Gerald R. Ford photo

Remarks at a Reception for Members of the National Alliance of Businessmen.

April 08, 1975

Chairman Rockwell, Carl Hartnack, John Condon, and my old friend, Bob Wilson, members of NAB:

It is a great privilege and pleasure to welcome you all to this White House reception. It is the least, I think, we in Government, can do to thank you individually and collectively for the work that you and your organization are doing for America.

Last summer I had the privilege of speaking at your national conference here in Washington and predicted that you would not let the problems of inflation and economic downturn prevent you from meeting your objectives of finding jobs for America's disadvantaged Vietnam veterans and our many, many needy American youngsters.

Now, after the reports that I have heard on the progress you have made during the first half of this fiscal year, I am convinced that my prediction of last summer was one of the most accurate I could have made--maybe a bit more accurate than some others I have made.

But anyhow, in spite of the present economic conditions, you are right on target on providing jobs and training for some 485,000 adults this fiscal year.

Last summer--and I commend you for it--you exceeded your goal of 200,000 summer jobs for needy youngsters by more than 25 percent, and that is a great accomplishment, and I commend you and thank you for it.

The key to the American success story, as I see it for nearly 200 years now, has been a single word, and we should emphasize it and reemphasize it-opportunity.

Generation after generation, that opportunity has been expanded, and it can and it will be expanded in the years ahead.

That opportunity has been made available to more and more people with, thank goodness, fewer and fewer barriers. We have not eliminated them all. Some still remain--barriers of poverty, ignorance, prejudice, just to mention a few.

We don't like them. We won't tolerate them. We are going to eliminate them. However, thanks to the National Alliance of Businessmen, great progress is being made, and all of you who are here today should be thanked by those who have been blessed by what you have made available.

The productivity partnership you have formed with American business, labor, and government has proven what can be done when all segments of our American system work together toward common objectives. Over the past 7 years--and I can recall with some accuracy the work that was begun and the work that has been achieved--you have developed the skill, the know-how, and the commitment necessary to help those least likely to succeed under normal and previous circumstances.

I think you are fortunate. Your objective is a very simple one: to place veterans, the handicapped, and the disadvantaged people in private sector jobs where they have the greatest opportunity to do for themselves, with your help, to enlarge their arena, to enlarge their opportunities--private sector jobs that will be their first step up the ladder of dignity and prosperity.
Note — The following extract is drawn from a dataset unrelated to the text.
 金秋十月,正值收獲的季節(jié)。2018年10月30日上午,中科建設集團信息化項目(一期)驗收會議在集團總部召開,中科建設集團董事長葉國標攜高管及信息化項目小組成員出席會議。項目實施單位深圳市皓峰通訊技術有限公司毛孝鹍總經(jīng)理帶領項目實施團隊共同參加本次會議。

Specifically, we are taking the lead in finding jobs for veterans, and we have literally hundreds of thousands of them as a matter of fact, more than 650,000 to date.

And you also conduct an enormously successful summer jobs campaign for needy youngsters. I think these two alliance programs are extremely important. I can't emphasize it sufficiently. We cannot and we must not forget the veterans of the Vietnam war, nor can we ignore America's youngsters today.
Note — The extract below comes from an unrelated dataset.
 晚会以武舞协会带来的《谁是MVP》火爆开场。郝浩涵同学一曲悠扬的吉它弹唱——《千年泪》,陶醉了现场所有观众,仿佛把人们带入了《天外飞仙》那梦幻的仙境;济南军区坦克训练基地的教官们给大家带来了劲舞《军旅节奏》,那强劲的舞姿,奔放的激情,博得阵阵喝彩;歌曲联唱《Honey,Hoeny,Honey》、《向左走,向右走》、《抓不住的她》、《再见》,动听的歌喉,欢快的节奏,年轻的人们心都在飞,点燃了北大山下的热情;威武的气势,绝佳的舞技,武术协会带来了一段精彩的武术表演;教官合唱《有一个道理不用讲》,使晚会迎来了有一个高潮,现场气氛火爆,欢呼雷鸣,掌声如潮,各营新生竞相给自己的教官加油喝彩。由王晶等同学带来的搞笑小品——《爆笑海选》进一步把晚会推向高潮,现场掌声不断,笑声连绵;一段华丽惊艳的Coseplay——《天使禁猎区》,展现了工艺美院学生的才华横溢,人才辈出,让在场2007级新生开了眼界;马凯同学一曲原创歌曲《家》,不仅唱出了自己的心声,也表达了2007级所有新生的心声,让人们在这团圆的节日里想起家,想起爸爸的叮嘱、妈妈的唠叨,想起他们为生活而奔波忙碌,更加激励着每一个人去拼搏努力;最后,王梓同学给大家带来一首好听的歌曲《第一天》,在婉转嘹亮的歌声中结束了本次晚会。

I understand that you have achieved all this with only 35 professional staff members paid by Federal funds. That is an awful lot of results with a minimum of Federal participation.

All of the thousands of other people who made this program work were on free loan from the private sector, which has been an invaluable contribution to the betterment of America. And may I thank those in the private sector who have made these people available to supplement the minimum contribution made by the Federal Government. It really is a tribute to the free enterprise system and the people who are deeply involved in it.

I am particularly pleased to see your current slogan, "Help America Work." That is really the goal of our country today, and it has been in the past, and I suspect it will be so in the future. I am deeply appreciative of what each of you has contributed toward making that slogan a reality.

Today you are faced with a reward that so often goes with a job well done. I ask you to do more, and I am confident that you will.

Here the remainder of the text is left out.